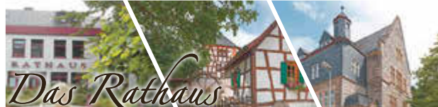
Bretzenheim, Dakweiler, Dorsheim, Dörrebach, Eckenroth, Guldental, Langenlonsheim, Laubenheim, Roth, Rümmlsheim, Schöneberg, Seibersbach, Stadt Stromberg, Schweppenhausen, Waldlaubersheim, Warmstroth, Windesheim

Jahrgang 51 | Nummer [week] | Freitag, [date]
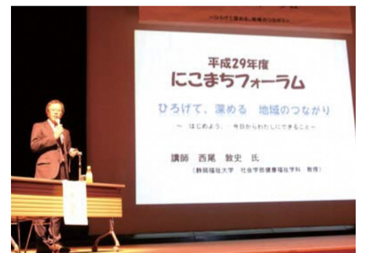
地域づくりの工夫のお話しも
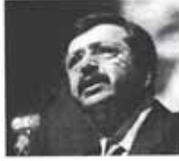
1. Genç Girişimciler Kurulu Kongresinde konuşan TOBB Başkanı Rifat Hisarcıkloğlu, genç girişimcilere yönelik önemli mesajları söyledi.

Sanayi ve Ticaret Bakanı Nihat Ergün de bu yıl "Teknoloji Sermayesi Desteği" adı altında genç girişimcilere yönelik çok önemli bir proje başlattıklarını ifade ederek, "Teknolojik ve yenilikçi fikri olan gençlerimize keşifsiz, karşılıksız, geri ödemesiz 100 bin liraya kadar hibe desteği sağlıyoruz" dedi. Ergün, Nisan ayından bugüne kadar yapılan 159 başvurudan 78'inin uygun bulunduğunu aktardı. TOBB Genç Girişimciler Kurulu Başkanı Ali Sabancı da 81 ilin 78'inde teşkilatlandıklarını ve 1500'ü aşkın üyelerinin bulunduğunu dile getirdi. Türkiye'de 100 kişiden sadece 6'sının girişimci olduğunu bildiren Sabancı, erkek girişimci sayısı 1.3 milyon iken kadın girişimci sayısının ise 80 bin düzeyinde kaldığını vurguladı.
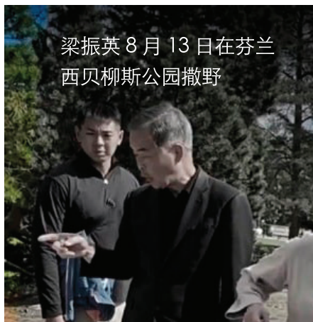
梁振英8月13日在芬兰西贝柳斯公园撒野

从现场视频披露的信息看，梁振英当场威胁法轮功学员；盘问个人信息，还有拍照留存。这些行为涉及到个人身份信息的收集和使用。在欧盟，这类数据是受到严格保护的；同为欧盟成员国的芬兰，适用《通用数据保护条例》（GDPR）；如胁迫非法收集，可由芬兰数据保护监察专员介入调查；个人亦可报警，因涉及骚扰、恐吓甚至侵犯隐私权。
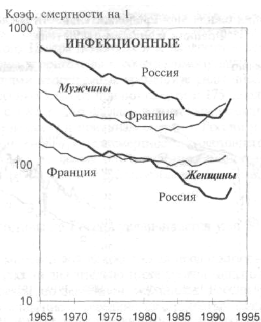
Рис. 2. Стандартизованные коэффициенты смертности от инфекционных болезней в России и во Франции в 1965-1993 гг.

В России эволюция смертности от инфекционных болезней определяется, в основном, смертностью от туберкулеза. Эта болезнь преобладает в классе инфекционных болезней: в разные годы на ее долю приходилось от 70 до 90% всех смертей от инфекционных заболеваний у мужчин и от 40 до 70%, соответственно, у женщин. Существенный рост смертности обоих полов от этой болезни с 1992 г. - тревожный показатель, он свидетельствует о значительном расширении соответствующей группы риска.
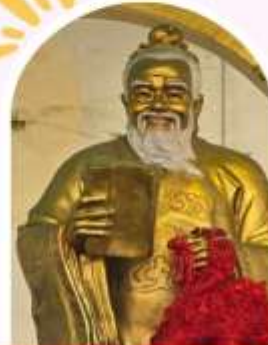
วัดหวังต้าเซียน บอพรสุขภาพ ความรัก
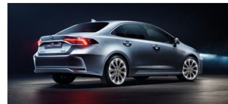
כיבוי תאורה מושהה FOLLOW ME HOME
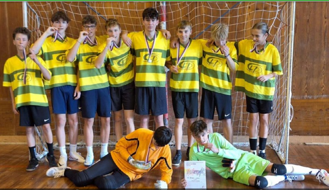
Úspěšný futsalový tým ZŠ J. A. Komenského.
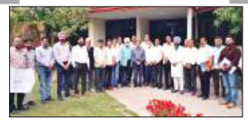
पेज सेक्टर-26 ट्रांसपोर्ट एरिया में विकास कार्यो कासीवर...

+++

* _Exercise requirements_
Your copy should consist only of the lines from the line holding "从现场视频披露的信息看，梁振" through the final line of the listing above, both included, with all pictures omitted.

* _Output for this task_
从现场视频披露的信息看，梁振英当场威胁法轮功学员；盘问个人信息，还有拍照留存。这些行为涉及到个人身份信息的收集和使用。在欧盟，这类数据是受到严格保护的；同为欧盟成员国的芬兰，适用《通用数据保护条例》（GDPR）；如胁迫非法收集，可由芬兰数据保护监察专员介入调查；个人亦可报警，因涉及骚扰、恐吓甚至侵犯隐私权。
Рис. 2. Стандартизованные коэффициенты смертности от инфекционных болезней в России и во Франции в 1965-1993 гг.

В России эволюция смертности от инфекционных болезней определяется, в основном, смертностью от туберкулеза. Эта болезнь преобладает в классе инфекционных болезней: в разные годы на ее долю приходилось от 70 до 90% всех смертей от инфекционных заболеваний у мужчин и от 40 до 70%, соответственно, у женщин. Существенный рост смертности обоих полов от этой болезни с 1992 г. - тревожный показатель, он свидетельствует о значительном расширении соответствующей группы риска.
วัดหวังต้าเซียน บอพรสุขภาพ ความรัก
כיבוי תאורה מושהה FOLLOW ME HOME
Úspěšný futsalový tým ZŠ J. A. Komenského.
पेज सेक्टर-26 ट्रांसपोर्ट एरिया में विकास कार्यो कासीवर...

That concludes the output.